8. It is also contended by the learned counsel for the appellant
that the learned trial court has grossly erred in appreciating
the facts of the case and applications of law.
9. I have carefully considered the submissions made by the
learned counsel for the appellant and have gone through the
impugned judgment as well as the record.
10. I find myself unable to accept the contention submitted by the
learned counsel for the appellant. In my considered opinion,
the learned Additional Sessions judge has rightly found holes
in the prosecution story so far as the case of the appellant is
concerned with regard to the proof of offence of attempt to
murder and causing grievous injury in furtherance of their
common intention. Apart from the infirmities and
inconsistencies pointed out by the learned Additional
Sessions Judge, I feel this is a case which is totally false and
frivolous because, it has been set up by the appellant against
her in-laws with a view to teach them a lesson. Admittedly, in
the instant case, the allegation has been made by the
appellant against the respondents that her husband
Devender Singh had poured kerosene on her while as her
mother-in-law lit a match stick and threw it on her. The
appellant has further stated that the match stick had landed
on her dupatta which she threw off on the floor. Even if a
person on whom burning match stick has been thrown,
throws away the dupatta, still it would not be the end of the
matter because admittedly in the instant case, the appellant
has stated that her husband had poured kerosene on her. If
that be so, as soon as the flame or the burning match stick
landed on the dupatta of the appellant, it would have
engulfed not only the dupatta, but almost the entire body of
the appellant in flames instantaneously. It is common
knowledge that if kerosene is thrown on a person or on a
thing then within a fraction of a second, in case a burning
match stick comes into contact, with any part of the cloth
doused in kerosene, the entire object on which the kerosene
has been thrown would instantaneously catch the fire.
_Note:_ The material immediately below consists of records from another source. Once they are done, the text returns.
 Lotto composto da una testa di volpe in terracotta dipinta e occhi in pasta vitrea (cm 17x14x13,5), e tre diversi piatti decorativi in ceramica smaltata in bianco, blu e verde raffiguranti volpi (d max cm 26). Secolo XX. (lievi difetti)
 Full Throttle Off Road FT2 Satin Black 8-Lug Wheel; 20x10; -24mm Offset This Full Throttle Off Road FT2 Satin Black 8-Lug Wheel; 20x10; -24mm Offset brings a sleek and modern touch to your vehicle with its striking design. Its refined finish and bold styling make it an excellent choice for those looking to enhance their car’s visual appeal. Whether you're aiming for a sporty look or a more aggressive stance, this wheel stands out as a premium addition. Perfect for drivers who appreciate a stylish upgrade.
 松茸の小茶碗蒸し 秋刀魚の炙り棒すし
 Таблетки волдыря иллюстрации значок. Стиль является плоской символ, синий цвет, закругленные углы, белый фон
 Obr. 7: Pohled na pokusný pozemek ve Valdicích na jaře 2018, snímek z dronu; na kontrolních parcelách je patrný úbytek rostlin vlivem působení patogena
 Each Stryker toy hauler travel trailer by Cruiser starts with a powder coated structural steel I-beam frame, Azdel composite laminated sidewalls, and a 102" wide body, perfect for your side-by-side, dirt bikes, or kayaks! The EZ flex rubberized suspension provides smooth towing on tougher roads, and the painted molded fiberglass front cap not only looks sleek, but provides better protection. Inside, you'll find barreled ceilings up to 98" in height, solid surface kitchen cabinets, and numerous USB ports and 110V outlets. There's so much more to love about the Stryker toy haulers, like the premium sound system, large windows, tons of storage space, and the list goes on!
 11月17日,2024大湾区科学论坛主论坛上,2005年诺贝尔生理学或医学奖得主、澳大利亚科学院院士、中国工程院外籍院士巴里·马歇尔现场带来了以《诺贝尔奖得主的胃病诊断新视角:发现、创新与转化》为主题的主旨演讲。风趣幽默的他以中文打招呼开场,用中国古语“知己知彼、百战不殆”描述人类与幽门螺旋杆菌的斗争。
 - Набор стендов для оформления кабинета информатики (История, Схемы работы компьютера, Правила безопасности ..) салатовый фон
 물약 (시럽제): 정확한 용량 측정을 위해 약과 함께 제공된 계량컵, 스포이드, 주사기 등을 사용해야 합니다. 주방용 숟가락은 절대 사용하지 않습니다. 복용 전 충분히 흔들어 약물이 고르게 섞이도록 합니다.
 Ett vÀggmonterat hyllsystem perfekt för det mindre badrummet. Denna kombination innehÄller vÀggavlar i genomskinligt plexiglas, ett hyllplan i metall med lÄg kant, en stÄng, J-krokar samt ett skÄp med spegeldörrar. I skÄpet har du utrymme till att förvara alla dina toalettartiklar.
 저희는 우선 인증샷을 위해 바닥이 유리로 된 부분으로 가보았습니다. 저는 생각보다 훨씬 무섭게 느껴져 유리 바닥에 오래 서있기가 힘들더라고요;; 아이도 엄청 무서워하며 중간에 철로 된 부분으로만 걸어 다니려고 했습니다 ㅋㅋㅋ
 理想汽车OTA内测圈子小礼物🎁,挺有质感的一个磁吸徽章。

While
as in the instant case notwithstanding the fact that kerosene
having been poured on the appellant, she very conveniently
stated that after the burning match stick landed on her
dupatta, she threw it off which is highly improbable and
accordingly, belies her story.
11. It is also the case of the appellant that the fire was doused by
her brother by pouring water on her. It is common
knowledge that kerosene fire cannot be doused by water. It
can only be doused by sand or by wrapping up the object of
fire with a blanket etc. Therefore, this plea of the fire having
been doused by her brother with the help of water is highly
improbable.
12. Another factor which has weighed with the learned Sessions
Judge and rightly so, is that although the incident is
purported to have taken place on 10.06.2010, yet the conduct
of the appellant is neither contemporaneous nor matching
with the situation in which she was placed. The appellant
admittedly did not raise any alarm or shout for her help
which would have been the most natural reaction of a person,
if he or she has been set on fire. Not even a single person in
the neighbourhood has known about this fact much less
testified about the same. Therefore, this also raises doubts
regarding the genuineness of the claim of the appellant. The
learned Sessions Judge has also discarded the testimony of
the witness nos. PW-3, 4, 5 and 6 which clearly shows, that it
is a story which has been cooked up by the appellant though
it may be in connivance with her brother to teach the
respondents a lesson with whom she was apparently having
matrimonial dispute.
13. These facts coupled with the observations made by the
learned Sessions Judge clearly show that the story of the
prosecution is not only highly improbable but also seems to
be full of holes inasmuch as there are not only contradictions
and inconsistencies but also a serious doubt about the
genuineness and correctness of the allegations levelled by the
appellant.
14. In view of the above, I find myself in total agreement with the
judgment of the learned Sessions Judge, so far as the
acquittal of the accused persons in the instant case is
concerned. The guilt of the accused persons admittedly has
to be proved beyond reasonable doubt, meaning thereby not
even a single fact should be available on record which will be
incompatible with the innocence of the accused, which is not
the case in hand.
15. For these reasons, I do not find it to be a fit case in which the
Court may grant leave to appeal against the judgment dated
15.04.2010 passed by the learned trial court. I accordingly
dismiss this leave to appeal as being without any merit.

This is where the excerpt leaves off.